Records from a data collection:

▼

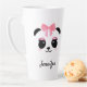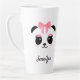 Niedliche Panda mit Wimpern personalisierte latte Tasse. Hübsche kubby kawaii Panda Gesicht mit rosa Wangen und Wimpern. Fügen Sie einfach Ihren Namen hinzu, um die Tasse zu personalisieren. Liebliches Geschenk für ein Mädchen, eine Tochter, eine Freundin zum Geburtstag oder einen anderen besondere Anlass. Zweiseitige Abbildung auf jeder Seite der Tasse.
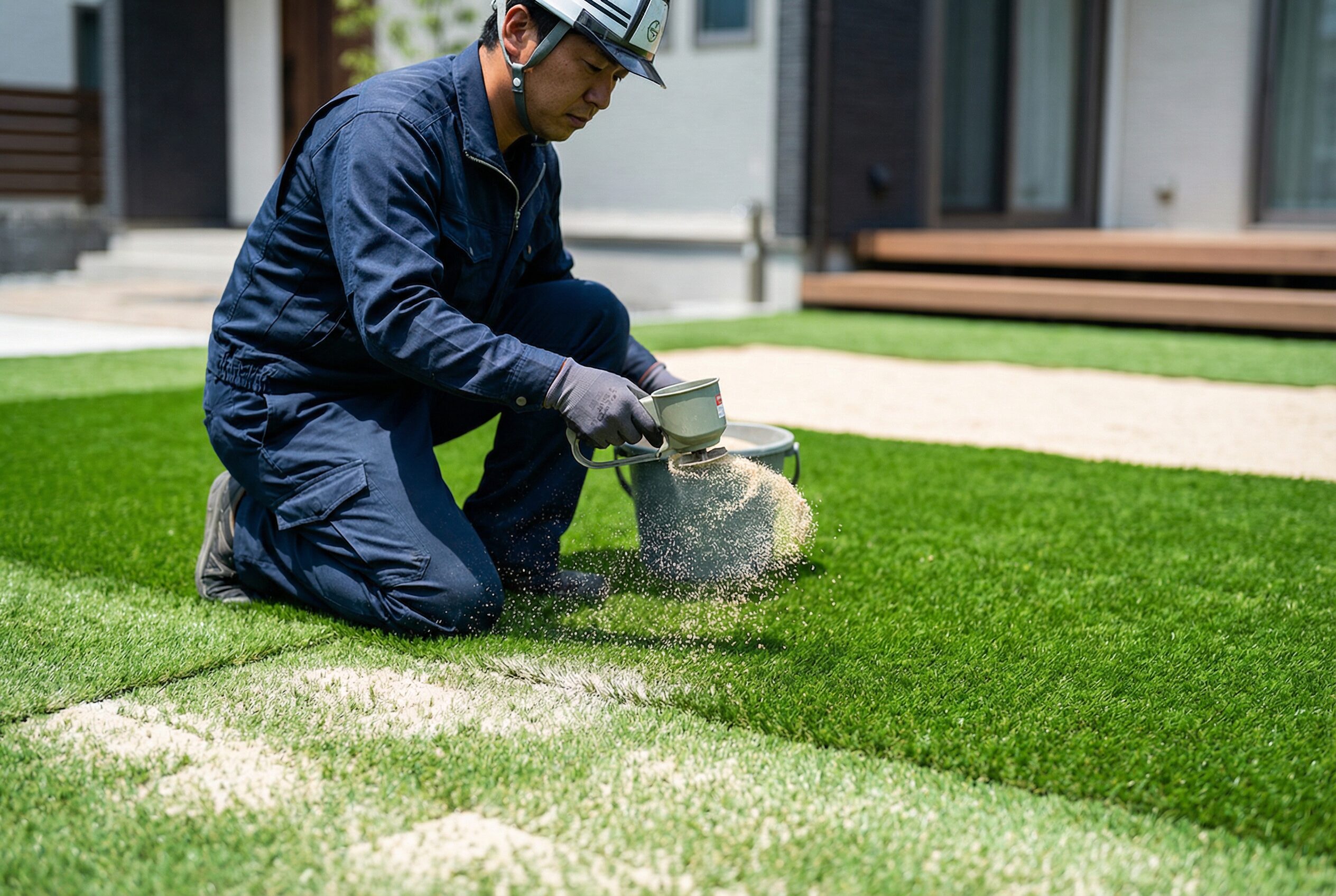 さらに、変色・芝葉の倒伏・下地の浮き・継ぎ目の開き・排水穴の詰まりという5つの劣化サインを定期的にチェックすることで、早期発見・早期対処が可能になります。珪砂の充填や重量物の定期移動、UV対策、防草シートの併用、プロの定期点検の活用といった5つの長持ちコツを実践すれば、7〜10年の耐用年数を12年以上に延ばすことも夢ではありません。
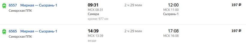 № 6557. Отправление в 09:31, прибытие через 2 часа 29 минут — в 12:00. Выбирайте этот вариант, если планируете добраться в Сызрань как можно раньше.
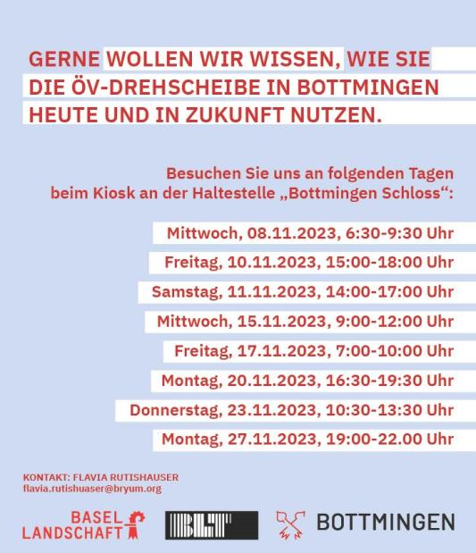 Wie an der Gemeindeversammlung vom 24. Oktober angekündigt, möchte das zuständige Planungsbüro die Bedürfnisse der Nutzenden dieser Verkehrsdrehscheibe besser kennenlernen. Aus diesem Grund eröffnet es im November 2023 direkt an der Haltestelle Bottmingen Schloss ein sogenanntes Open Office. Dort soll ein direkter persönlicher Austausch zwischen den Nutzenden und den Planenden stattfinden.
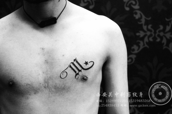 胸口字母设计纹身M西安关中刺客纹身_字母纹身图案大全_纹身图吧
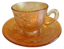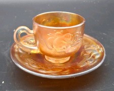 Fenton Marigold Carnival Glass Kittens Small Cup & Saucer Set
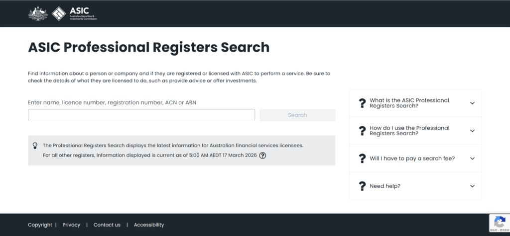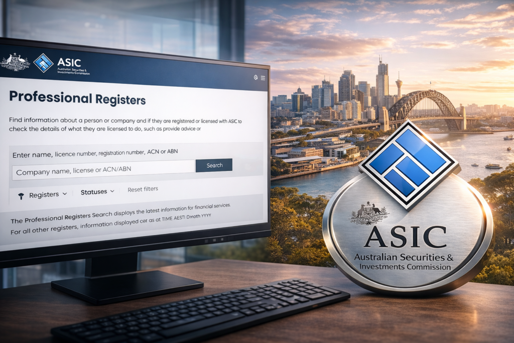 The Australian Securities and Investments Commission (ASIC) provides official databases that allow anyone to verify whether a company is properly licensed.
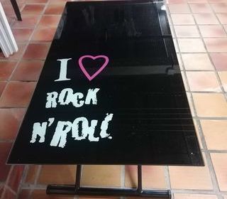 Table extensible en verre noir avec impression dim 1m10x60 hauteur de 35cma 74 cm a prendre à domicile
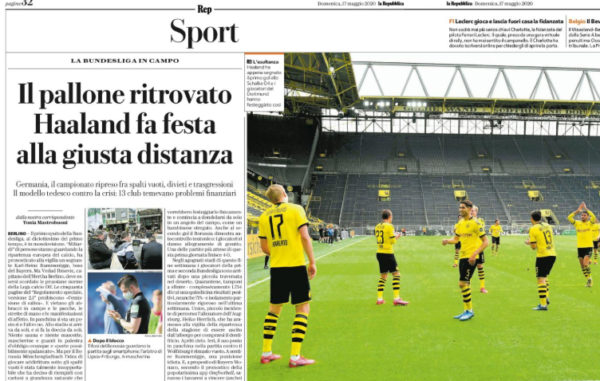 L'edizione odierna de "La Repubblica" si sofferma sulla ripresa della Bundesliga. La partita più attesa, il derby Borussia Dortmund-Schalke 04,...
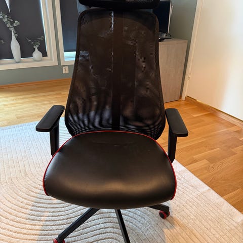 En pent brukt kontorstol fra Jysk. Kan enkelt justere høyde og ryggen på den. Ingenting galt med den.
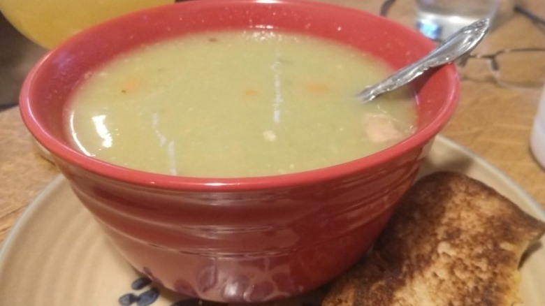 Split Pea with Ham and Bacon soup is a condensed soup that is nearly exactly what it sounds like: A blend of split peas, ham, and smoked bacon, with some carrots and celery added for some crunch. Split Pea soup in and of itself is a dish with a lot of history, even gaining its own week in November called National Split Pea Soup Week. It is a hearty soup with many variations and known additions, but the Campbell's version with ham and bacon is one of the most well-known versions.
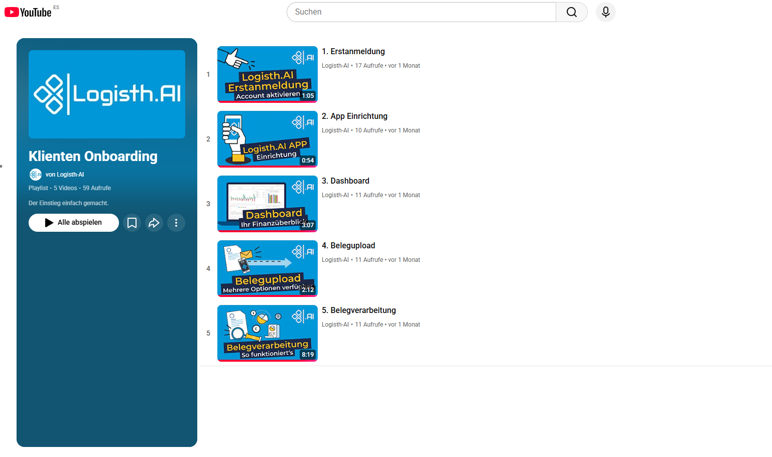 Sie werden anschließend zum privaten YouTube-Kanal von Logisth.AI weitergeleitet. Dort finden Sie zentrale Videos für den Einstieg sowie hilfreiche Erklärungen zu den wichtigsten Funktionen.

▲

Exercise:
Take the data above and set it down exactly, images excluded.

Answer area:
 Niedliche Panda mit Wimpern personalisierte latte Tasse. Hübsche kubby kawaii Panda Gesicht mit rosa Wangen und Wimpern. Fügen Sie einfach Ihren Namen hinzu, um die Tasse zu personalisieren. Liebliches Geschenk für ein Mädchen, eine Tochter, eine Freundin zum Geburtstag oder einen anderen besondere Anlass. Zweiseitige Abbildung auf jeder Seite der Tasse.
 さらに、変色・芝葉の倒伏・下地の浮き・継ぎ目の開き・排水穴の詰まりという5つの劣化サインを定期的にチェックすることで、早期発見・早期対処が可能になります。珪砂の充填や重量物の定期移動、UV対策、防草シートの併用、プロの定期点検の活用といった5つの長持ちコツを実践すれば、7〜10年の耐用年数を12年以上に延ばすことも夢ではありません。
 № 6557. Отправление в 09:31, прибытие через 2 часа 29 минут — в 12:00. Выбирайте этот вариант, если планируете добраться в Сызрань как можно раньше.
 Wie an der Gemeindeversammlung vom 24. Oktober angekündigt, möchte das zuständige Planungsbüro die Bedürfnisse der Nutzenden dieser Verkehrsdrehscheibe besser kennenlernen. Aus diesem Grund eröffnet es im November 2023 direkt an der Haltestelle Bottmingen Schloss ein sogenanntes Open Office. Dort soll ein direkter persönlicher Austausch zwischen den Nutzenden und den Planenden stattfinden.
 胸口字母设计纹身M西安关中刺客纹身_字母纹身图案大全_纹身图吧
 Fenton Marigold Carnival Glass Kittens Small Cup & Saucer Set
 The Australian Securities and Investments Commission (ASIC) provides official databases that allow anyone to verify whether a company is properly licensed.
 Table extensible en verre noir avec impression dim 1m10x60 hauteur de 35cma 74 cm a prendre à domicile
 L'edizione odierna de "La Repubblica" si sofferma sulla ripresa della Bundesliga. La partita più attesa, il derby Borussia Dortmund-Schalke 04,...
 En pent brukt kontorstol fra Jysk. Kan enkelt justere høyde og ryggen på den. Ingenting galt med den.
 Split Pea with Ham and Bacon soup is a condensed soup that is nearly exactly what it sounds like: A blend of split peas, ham, and smoked bacon, with some carrots and celery added for some crunch. Split Pea soup in and of itself is a dish with a lot of history, even gaining its own week in November called National Split Pea Soup Week. It is a hearty soup with many variations and known additions, but the Campbell's version with ham and bacon is one of the most well-known versions.
 Sie werden anschließend zum privaten YouTube-Kanal von Logisth.AI weitergeleitet. Dort finden Sie zentrale Videos für den Einstieg sowie hilfreiche Erklärungen zu den wichtigsten Funktionen.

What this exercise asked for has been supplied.